By the way, I am pretty sure that Paul Krugman has mentioned that Ron Paul makes similar predictions that inflation is going to go hyper in six months or so (and has made that six month prediction for years). I have heard Ron Paul use the term "fiat" currency and of course Ron Paul wants to abolish the Fed and return to the gold standard. I have no idea if Kelly is suggesting support for the full Ron Paul platform, or just using Paul-like ideas to try to skewer Obama.

However, I will concede that with rising gas (gasoline and natural gas) prices, it seems like it should be possible to slant inflation as higher than the official Fed position. High gasoline prices were a component of stagflation, although to some extent it was also driven by sucessful wage demands pushed by (then more powerful and larger) unions which extended into the rest of the economy. Kelly ends with his column with a quote from Joseph Svetlic in the ultra conservative American Thinker ""So now we have inflation coupled with low economic growth," he said. "Welcome back, Carter."". There may be some truth to that, but Paul Krugman would disagree with (Kelly's noting of) Svetlic's contention that "Obama-Bernanke policies are precisely the opposite of the Reagan-Volcker policies". There are some differences, but once staglation was broken, Reagan and Congress spent like sailors, while Volker let interest fall much lower than they had been.

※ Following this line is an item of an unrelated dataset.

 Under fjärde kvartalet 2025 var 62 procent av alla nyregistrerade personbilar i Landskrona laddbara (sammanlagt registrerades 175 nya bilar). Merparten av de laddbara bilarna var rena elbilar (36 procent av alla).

Which happens to lead us (well, me) to point out where Kelly is misinterpreting history and economics. He says "President Ronald Reagan and Federal Reserve Board Chairman Paul Volcker ended stagflation by cutting taxes and regulations to stimulate growth in the private sector, slowing the rate of growth of federal spending and tightening monetary policy." Only the tightening of monetary policy was the part that worked. I am not terribly convinced that Reagan cut taxes that early, that he actually even slowed the rate of growth of federal spending (which is Kelly not totally lying in trying to say Reagan cut spending, but still lying in not acknowledging the Reagan explosion in defense spending) or that Reagan even cut that many regulations (maybe some OSHA or drilling in parks regulations, not much more) much less that that doing any of that so positively affected growth. I am fairly convinced Reagan had nothing to do with the Fed raising the prime rate to 21.5%, a policy that is largely considered to have ended the inflation part of stagflation, or even with Volker's loosening the reins by dropping interest rates after having raised them so high.

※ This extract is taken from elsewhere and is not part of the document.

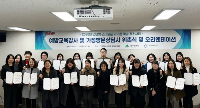[파이낸셜경제=김지훈 기자] 대구광역시는 2월 26일 시민들의 디지털 과의존을 예방하고 건전한 정보문화 확산을 이끌 ‘2026년 인터넷·스마트폰 과의존 예방교육강사 및 가정방문상담사 위촉식’을 개최했다.

A bit earlier in the column Kelly quotes the director for education and research at the AIER ""An enormous wall of money has built up in the banking system. If it finds its way into the general economy at pre-recession rates, the United States is in for quite a ride."". Frankly, considering we are in the deepest recession since the Great Depression, seems to me we should hope we should be so lucky as to see explosive growth.

Which maybe should be the question to end my post with; why doesn't Jack Kelly want to see explosive growth when the official unemployment rate has been so high for so long, and there are so many uncounted discouraged workers? Is he so afraid of the economy recovering while Obama is President that he has to raise the specter of the inflation bogeyman?

And of course, why does the Post Gazette continue to allow Jack Kelly to write a column?